The dire shortage of shelter space during the Big Apple migrant crunch has forced some asylum seekers out onto the street and into cars parked in plain view outside the Roosevelt Hotel in Midtown Manhattan — which one official dubbed “a new Ellis Island,” a new report said.
At least four migrants who said they were booted from city shelters were spotted sleeping in cars in recent weeks just feet from the hotel that serves as the city’s main intake site for thousands of asylum seekers from the US border, Gothamist reported Wednesday.
“There’s no place in the hotel,” Venezuelan migrant Hugo Rafael Ramirez, 22, told the outlet. “It’s full.”
Another migrant, Yovani Nieves, said the white Mitsubishi Lancer he bought while working in Canada died when he pulled up to the hotel — and has been his home since the hotel turned him away.
“They’re just helping the people who have families, little kids,” said Nieves, 23, who is also from Venezuela. “If you’re a single man they kick you out, send you to the street.”
At least two of the cars — which were first spotted by Gothamist on Christmas Day — were still there on Wednesday, one of them with a flat tire as migrants came in and out of the vehicles.
The car with the flat tire, a white Mitsubishi with tinted windows and Washington state plates, had blankets in the back seat.
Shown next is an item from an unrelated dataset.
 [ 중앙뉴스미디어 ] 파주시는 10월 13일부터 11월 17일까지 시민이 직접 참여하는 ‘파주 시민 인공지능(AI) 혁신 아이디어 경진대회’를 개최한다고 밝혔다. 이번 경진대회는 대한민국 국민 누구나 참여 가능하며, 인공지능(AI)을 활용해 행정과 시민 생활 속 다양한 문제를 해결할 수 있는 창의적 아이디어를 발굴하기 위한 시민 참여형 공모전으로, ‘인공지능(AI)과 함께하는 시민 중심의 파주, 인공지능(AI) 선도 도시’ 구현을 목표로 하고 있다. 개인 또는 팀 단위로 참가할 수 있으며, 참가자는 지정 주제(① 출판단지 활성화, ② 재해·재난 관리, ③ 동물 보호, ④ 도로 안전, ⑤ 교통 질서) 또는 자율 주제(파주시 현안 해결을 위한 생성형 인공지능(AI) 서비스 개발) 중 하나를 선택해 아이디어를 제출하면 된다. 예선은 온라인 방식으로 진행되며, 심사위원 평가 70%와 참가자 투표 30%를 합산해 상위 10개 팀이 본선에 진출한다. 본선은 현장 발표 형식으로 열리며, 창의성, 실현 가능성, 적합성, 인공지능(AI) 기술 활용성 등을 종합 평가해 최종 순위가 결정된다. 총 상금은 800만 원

The second vehicle was a blue minivan with paper license plates and bags piled up in the trunk and the back seat.
City officials have struggled to find space for the nearly 70,000 migrants from the US border who are being housed and fed by taxpayers — among the more than 165,000 who have arrived in the five boroughs since the spring of 2022.
The Roosevelt has served as the main intake center for the migrants, with one city official telling Gothamist that the hotel has essentially become a “new Ellis Island.”
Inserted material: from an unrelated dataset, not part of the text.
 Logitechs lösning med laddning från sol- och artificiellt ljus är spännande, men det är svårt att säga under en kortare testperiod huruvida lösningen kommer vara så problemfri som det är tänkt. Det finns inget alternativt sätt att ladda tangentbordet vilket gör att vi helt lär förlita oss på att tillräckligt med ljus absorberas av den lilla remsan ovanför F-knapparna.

In October, Mayor Eric Adams announced that single migrants would have to reapply for a city shelter space after 30 days and those with children would have to do so every 60 days.
Thousands of migrants were evicted from city hotels and shelters this week as the latest shelter-limit deadline arrived — leaving many uncertain where they would find a new bed.
The cars parked outside the Roosevelt have out-of-state license plates from as far off as Alabama and Texas, and all had at least one parking violation according to a city database.
Empty pizza boxes and food containers were seen scattered in the vehicles.
One neighborhood security guard said he started seeing the four-wheel dormitories on the block last month, calling the situation “a very big toxic nuisance.”
“All of a sudden, little by little, cars with migrants with out-of-state plates have been coming in,” security guard Angel Narvaez told Gothamist.
Officials at City Hall did not immediately respond to a request for comment from The Post.